Potential solution options:

  1. Each time ImageLabels.filter_classes() is called, have the ImageLabels instance save info on which annotations (in terms of ordering: 1st, 15th, etc.) were filtered out.

    • One option is to list the annotation numbers that were filtered out: for example, [1, 2] to say the first two were filtered out. Subsequent updates can be a bit tricky: for example, if you call filter_classes() twice, and each time filters out the 4th remaining annotation, then going by the original ordering, it's actually the 4th and 5th annotations that were filtered out.

    • Another option is to not remove elements from the annotations list, but instead null out the row, column, and class values for any annotations that are being filtered out. The label_count attribute then needs to account for this instead of just taking the list length.

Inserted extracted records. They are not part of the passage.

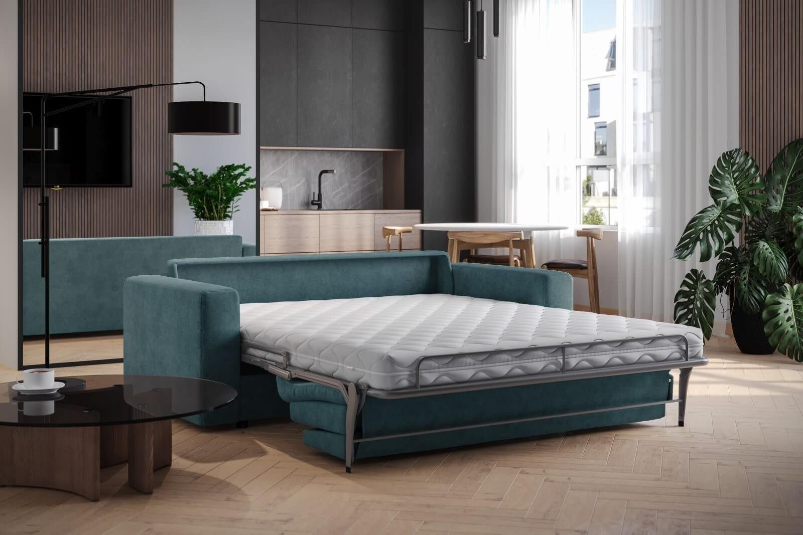 Součástí sedačky je standardně matrace z HR pěny o výšce 16 cm, která je odolná proti deformaci. Sedačka disponuje novým, pokročilým mechanismem, který Vám umožní snadno přeměnit Vaši pohovku na velmi pohodlné lůžko. Obsluha večerního rozkládání a ranního skládání je mimořádně snadná a lehká. Po rozložení odhalíte pohodlnou postel s matrací o výšce 16 cm v rozměru 140x190 cm.
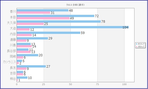 ●香川への言及が最も多いが、ポジティブな表現では大迫がトップ
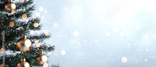 Golden decorations sparkle on a green tree, adding a cheerful touch to the holiday season with a serene blue backdrop and soft lights

  2. Have a boolean flag that says: the features for this image (or more coarse-grained: this training job) may be legacy, so do not filter classes early; filter them at ImageFeatures load time like we did originally. This comes at the cost of potentially uneven batch sizing, and less upfront error checking (both motivations for PR #71), and obviously more if-else cases here and there. This may require coralnet to use trickier logic again in terms of error checking before and after training.

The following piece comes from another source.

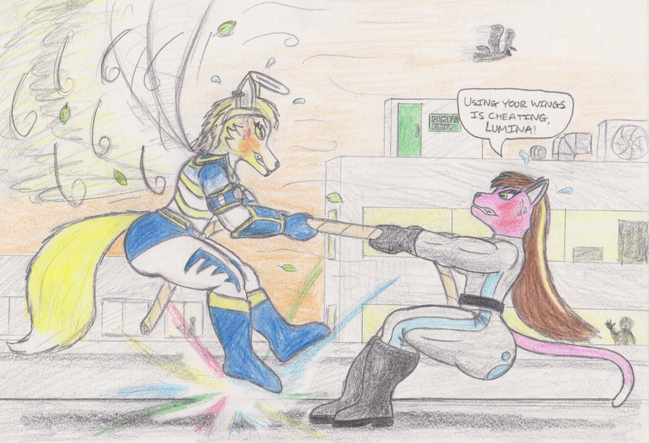 I noted that Lumina had pretty strong looking legs and asked FDF who would win in a tug of war scenario between Sasha and her. Sasha is stronger than the angel who had fallen from grace but Lumina wouldn't entirely get the premise of a tug of war so would use her wings to aid her.

  3. Do not support legacy features as training input anymore. We can even still support legacy features for classification, but for training it's getting to be a software-engineering pain. For coralnet this means whenever we're about to queue training, we make sure all confirmed images in the source have non-legacy features, and if there are any legacy ones left, then redo those feature extractions. No action is needed for inactive sources.

    • Other reasons to prefer non-legacy features: row/column checking means there's less concern of giving nonsense inputs to training. Also, features extracted after PR #33 have about 8x smaller filesizes, which means faster training, lower RAM requirements for a given training batch/refset size, and less S3 storage cost (this is also not a VGG16 vs. EfficientNet thing).

    • Newly extracted VGG16 features still use the old feature-extractor weights, so if I'm understanding correctly, there will be practically no difference between legacy VGG16 features vs. newly extracted VGG16 features in terms of the "ML information" they convey. Compared to phasing out VGG16 entirely, this seems like a baby-step in terms of removing backwards compatibility.

I'm thinking option 3 is probably the way.

Option 3 and probably also option 2 would involve detecting legacy features before submitting training. The only sure-fire detection method right now is to load them from S3, which takes a while (considering that feature loading is still the bottleneck for train time). coralnet may want to add a boolean field to the Features model saying whether it's legacy or not, and run a one-time data migration to populate the field. As an optimization, anything extracted before say Feb 2020 can be marked as legacy, and anything after say Feb 2021 can be marked as non-legacy, without even loading the features. (Update: I scanned all the features in that range; without any exceptions, 2020-12-31 00:00 UTC is a cutoff we can use between legacy and non-legacy.)